= What the exercise asks =
Hand back every line from the beginning of the data below through the line containing "Hermosillo, Sonora a", word for word and free of pictures.

= Information provided =
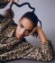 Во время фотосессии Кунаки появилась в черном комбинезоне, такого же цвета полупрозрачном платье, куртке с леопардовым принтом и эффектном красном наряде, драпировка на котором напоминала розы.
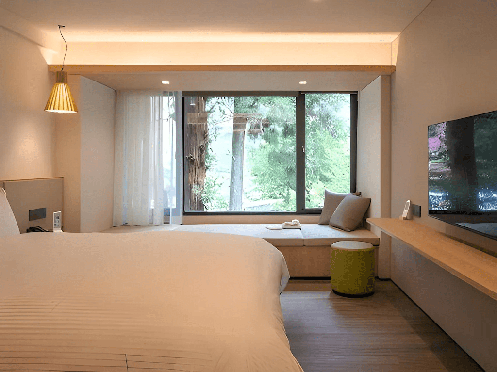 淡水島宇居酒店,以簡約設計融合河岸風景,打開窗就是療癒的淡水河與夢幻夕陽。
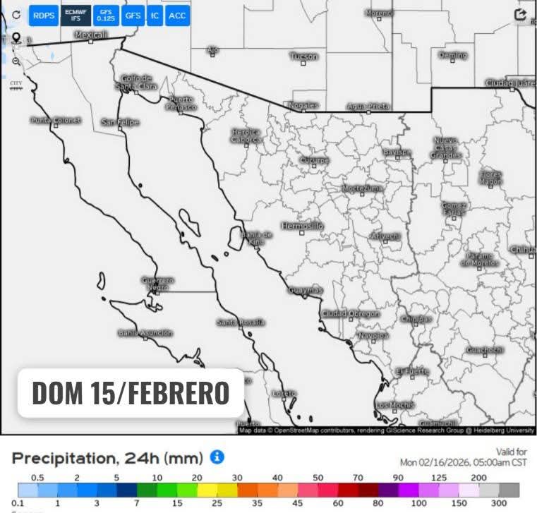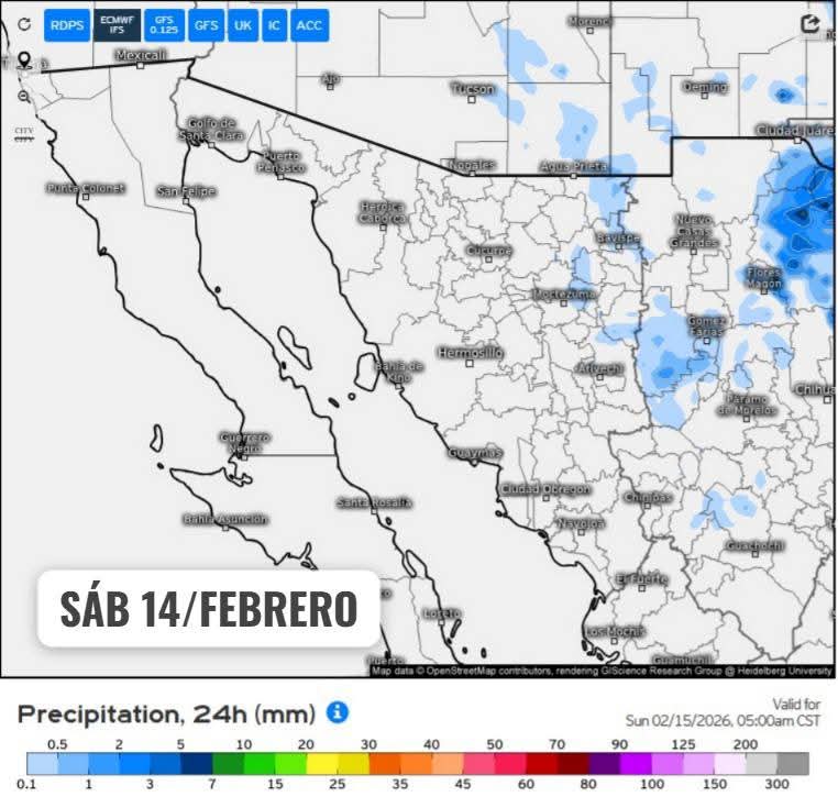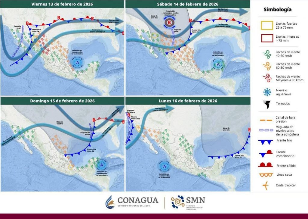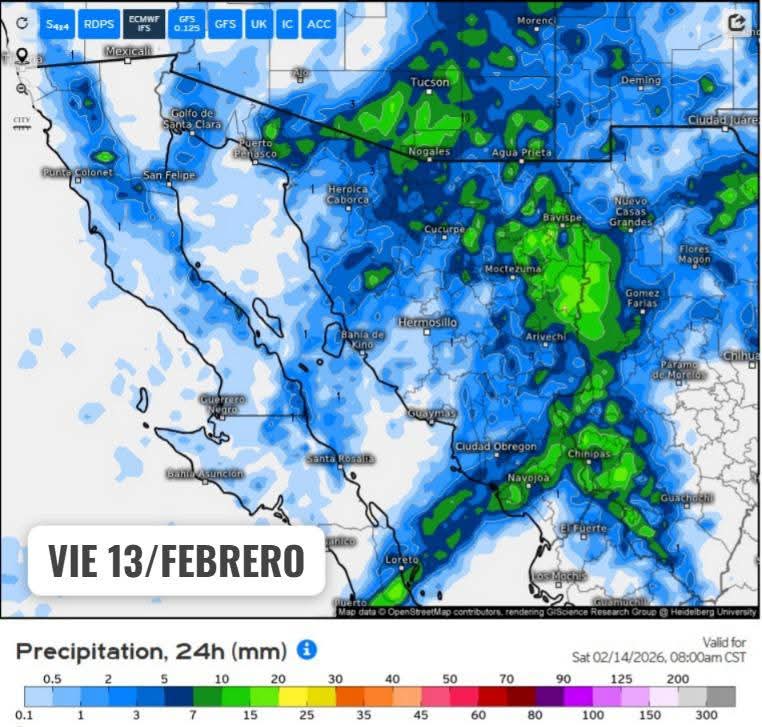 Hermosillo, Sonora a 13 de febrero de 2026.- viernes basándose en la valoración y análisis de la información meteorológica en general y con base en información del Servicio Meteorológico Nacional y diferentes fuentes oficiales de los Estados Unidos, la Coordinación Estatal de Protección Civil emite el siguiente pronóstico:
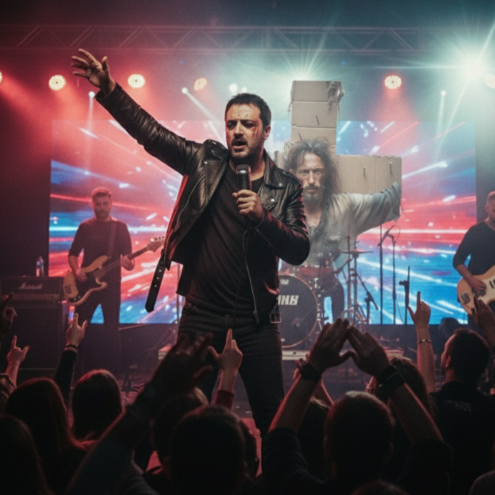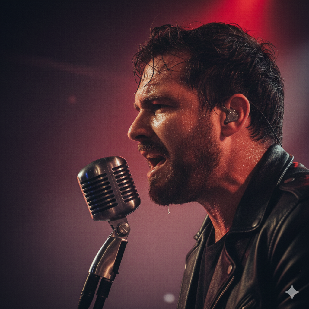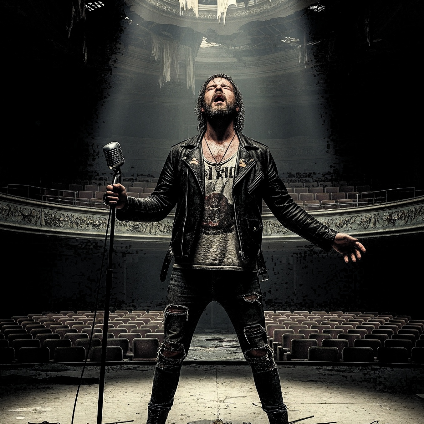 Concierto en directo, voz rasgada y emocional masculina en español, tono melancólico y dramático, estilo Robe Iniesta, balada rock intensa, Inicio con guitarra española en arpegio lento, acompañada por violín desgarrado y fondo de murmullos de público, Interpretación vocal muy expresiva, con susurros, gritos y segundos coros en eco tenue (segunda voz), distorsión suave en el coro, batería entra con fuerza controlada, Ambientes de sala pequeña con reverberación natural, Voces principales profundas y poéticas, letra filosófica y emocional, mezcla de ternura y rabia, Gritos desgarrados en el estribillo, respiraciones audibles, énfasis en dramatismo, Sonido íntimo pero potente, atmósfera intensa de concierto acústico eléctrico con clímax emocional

= Response to this exercise =
 Во время фотосессии Кунаки появилась в черном комбинезоне, такого же цвета полупрозрачном платье, куртке с леопардовым принтом и эффектном красном наряде, драпировка на котором напоминала розы.
 淡水島宇居酒店,以簡約設計融合河岸風景,打開窗就是療癒的淡水河與夢幻夕陽。
 Hermosillo, Sonora a 13 de febrero de 2026.- viernes basándose en la valoración y análisis de la información meteorológica en general y con base en información del Servicio Meteorológico Nacional y diferentes fuentes oficiales de los Estados Unidos, la Coordinación Estatal de Protección Civil emite el siguiente pronóstico:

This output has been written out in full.